While this question is hardly as timeless as the words spoken by Shakespeare’s Hamlet, it’s still a question relevant to those of us who live in the day-to-day world of systems and network management. What is the best way to get statistics and status from all the disparate elements that make up the systems we’re supposed to be monitoring? Is one method better than the other? As is so often the case in I.T. the answer is “It Depends.” You’re probably thinking “Thanks Wise-Guy … depends on what?”. I’ll explain, but first a little background.
When I speak of “pulling” data into a monitoring system it means our tool(s) are actively querying targeted elements for some kind of statistic or status on a regular interval, bringing the data back, and doing something with it. Common protocols here are SNMP, WMI, and custom-created REST APIs. In contrast, when data is “pushed” it means our tools are passively waiting and listening for information to arrive. Once that information shows up it can be processed, analyzed, and acted upon. Netflow/sFlow, SNMP Trap, and syslog are the protocols most of often identified as “push” technologies.
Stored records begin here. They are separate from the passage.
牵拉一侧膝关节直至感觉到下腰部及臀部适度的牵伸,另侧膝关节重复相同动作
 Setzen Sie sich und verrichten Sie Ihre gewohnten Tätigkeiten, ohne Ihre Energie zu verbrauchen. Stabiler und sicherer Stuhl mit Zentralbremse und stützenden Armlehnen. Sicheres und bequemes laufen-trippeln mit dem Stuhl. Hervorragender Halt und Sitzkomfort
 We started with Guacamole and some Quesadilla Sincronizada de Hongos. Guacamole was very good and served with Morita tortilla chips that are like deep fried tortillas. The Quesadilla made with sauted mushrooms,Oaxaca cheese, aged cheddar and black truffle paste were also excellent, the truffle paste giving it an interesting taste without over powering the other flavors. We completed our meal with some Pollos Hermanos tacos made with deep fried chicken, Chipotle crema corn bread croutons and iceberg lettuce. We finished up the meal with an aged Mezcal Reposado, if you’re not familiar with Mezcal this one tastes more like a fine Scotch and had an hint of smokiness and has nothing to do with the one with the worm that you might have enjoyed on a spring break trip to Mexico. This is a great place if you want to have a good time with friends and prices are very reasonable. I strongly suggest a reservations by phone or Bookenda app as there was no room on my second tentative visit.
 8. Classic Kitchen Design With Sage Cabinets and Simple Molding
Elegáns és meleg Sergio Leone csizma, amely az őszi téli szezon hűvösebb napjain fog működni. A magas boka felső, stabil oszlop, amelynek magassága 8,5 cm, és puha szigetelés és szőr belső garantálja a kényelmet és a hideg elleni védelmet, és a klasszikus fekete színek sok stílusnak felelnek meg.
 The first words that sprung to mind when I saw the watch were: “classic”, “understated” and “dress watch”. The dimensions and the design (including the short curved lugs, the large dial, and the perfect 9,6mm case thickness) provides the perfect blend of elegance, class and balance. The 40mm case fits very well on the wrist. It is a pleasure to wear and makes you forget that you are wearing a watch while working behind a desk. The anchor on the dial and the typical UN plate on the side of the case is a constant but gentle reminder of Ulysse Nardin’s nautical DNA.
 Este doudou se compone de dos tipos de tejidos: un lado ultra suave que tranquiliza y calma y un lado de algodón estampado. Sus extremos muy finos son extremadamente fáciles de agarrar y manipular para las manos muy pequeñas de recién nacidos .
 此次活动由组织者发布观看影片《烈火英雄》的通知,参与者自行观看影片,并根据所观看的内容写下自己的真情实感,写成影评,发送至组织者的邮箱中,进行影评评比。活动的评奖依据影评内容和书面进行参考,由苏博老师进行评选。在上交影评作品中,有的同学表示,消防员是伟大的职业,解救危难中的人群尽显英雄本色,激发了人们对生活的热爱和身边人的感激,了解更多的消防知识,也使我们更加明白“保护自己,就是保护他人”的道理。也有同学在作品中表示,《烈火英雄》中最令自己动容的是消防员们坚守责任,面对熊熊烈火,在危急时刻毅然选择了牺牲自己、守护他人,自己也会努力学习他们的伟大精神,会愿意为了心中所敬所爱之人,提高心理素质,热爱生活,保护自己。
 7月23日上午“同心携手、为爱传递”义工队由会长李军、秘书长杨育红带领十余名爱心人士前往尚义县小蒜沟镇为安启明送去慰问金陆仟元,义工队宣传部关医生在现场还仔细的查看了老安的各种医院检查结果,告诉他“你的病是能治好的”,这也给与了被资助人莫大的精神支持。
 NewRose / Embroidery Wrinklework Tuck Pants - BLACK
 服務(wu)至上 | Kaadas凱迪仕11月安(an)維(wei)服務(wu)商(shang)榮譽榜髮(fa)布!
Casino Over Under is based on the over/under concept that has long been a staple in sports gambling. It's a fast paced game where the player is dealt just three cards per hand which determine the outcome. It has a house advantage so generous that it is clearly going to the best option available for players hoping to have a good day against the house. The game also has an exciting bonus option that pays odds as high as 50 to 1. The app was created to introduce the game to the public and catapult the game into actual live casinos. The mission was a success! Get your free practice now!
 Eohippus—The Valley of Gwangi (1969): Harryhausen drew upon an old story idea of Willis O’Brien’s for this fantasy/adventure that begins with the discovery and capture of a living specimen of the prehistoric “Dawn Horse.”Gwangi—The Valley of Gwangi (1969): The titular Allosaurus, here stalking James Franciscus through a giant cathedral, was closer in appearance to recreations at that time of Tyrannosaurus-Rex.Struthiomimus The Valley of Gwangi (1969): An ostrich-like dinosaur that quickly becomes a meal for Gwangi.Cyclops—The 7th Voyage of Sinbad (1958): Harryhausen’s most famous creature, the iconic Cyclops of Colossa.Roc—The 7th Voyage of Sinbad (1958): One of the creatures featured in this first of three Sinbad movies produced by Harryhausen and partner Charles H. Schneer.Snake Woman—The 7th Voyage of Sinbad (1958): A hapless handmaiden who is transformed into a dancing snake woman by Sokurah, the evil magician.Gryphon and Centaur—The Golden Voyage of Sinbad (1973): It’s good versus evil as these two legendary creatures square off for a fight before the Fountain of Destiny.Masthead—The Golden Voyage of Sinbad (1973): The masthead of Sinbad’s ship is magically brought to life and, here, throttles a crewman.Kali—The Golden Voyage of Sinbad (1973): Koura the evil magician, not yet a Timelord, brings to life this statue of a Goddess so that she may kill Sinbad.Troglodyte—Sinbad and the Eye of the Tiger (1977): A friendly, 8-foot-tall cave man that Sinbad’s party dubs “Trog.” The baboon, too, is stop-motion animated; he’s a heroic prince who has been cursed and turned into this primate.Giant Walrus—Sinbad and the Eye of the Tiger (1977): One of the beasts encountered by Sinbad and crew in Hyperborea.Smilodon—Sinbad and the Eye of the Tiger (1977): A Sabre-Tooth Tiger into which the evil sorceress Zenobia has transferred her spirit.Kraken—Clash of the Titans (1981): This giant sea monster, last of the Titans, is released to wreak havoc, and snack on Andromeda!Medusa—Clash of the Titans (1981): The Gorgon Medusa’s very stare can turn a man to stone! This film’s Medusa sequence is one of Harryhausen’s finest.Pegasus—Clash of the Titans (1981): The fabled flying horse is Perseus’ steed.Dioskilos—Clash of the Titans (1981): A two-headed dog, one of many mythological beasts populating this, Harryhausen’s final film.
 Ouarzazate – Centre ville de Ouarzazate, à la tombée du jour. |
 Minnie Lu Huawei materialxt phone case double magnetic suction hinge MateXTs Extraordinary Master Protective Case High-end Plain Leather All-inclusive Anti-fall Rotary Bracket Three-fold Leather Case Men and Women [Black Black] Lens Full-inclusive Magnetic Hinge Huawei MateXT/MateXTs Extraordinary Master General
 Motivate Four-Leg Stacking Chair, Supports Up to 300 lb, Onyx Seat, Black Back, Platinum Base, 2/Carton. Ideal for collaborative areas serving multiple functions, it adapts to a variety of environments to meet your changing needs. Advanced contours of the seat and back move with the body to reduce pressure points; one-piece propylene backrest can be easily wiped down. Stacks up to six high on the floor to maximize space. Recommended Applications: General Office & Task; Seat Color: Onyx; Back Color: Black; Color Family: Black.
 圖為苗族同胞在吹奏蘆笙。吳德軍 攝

There are pros and cons for each method. On the “Pull” side of the ledger you’ve got the advantage of being able centrally configure alerting and monitoring for all devices. In an SNMP-Trap-only environment receiving meaningful alerts means individually touching every device you care about for trap destination, alert contact, and threshold level. That’s not trivial in a large infrastructure. Additionally, your monitoring system controls the pace of monitoring and allows NOC personnel to be proactive in problem resolution. In a trap-only environment unless a threshold is set just right, then by the time NOC is notified, your end-users will already have begun their pitchfork-wielding march to your office with blood lust on their minds.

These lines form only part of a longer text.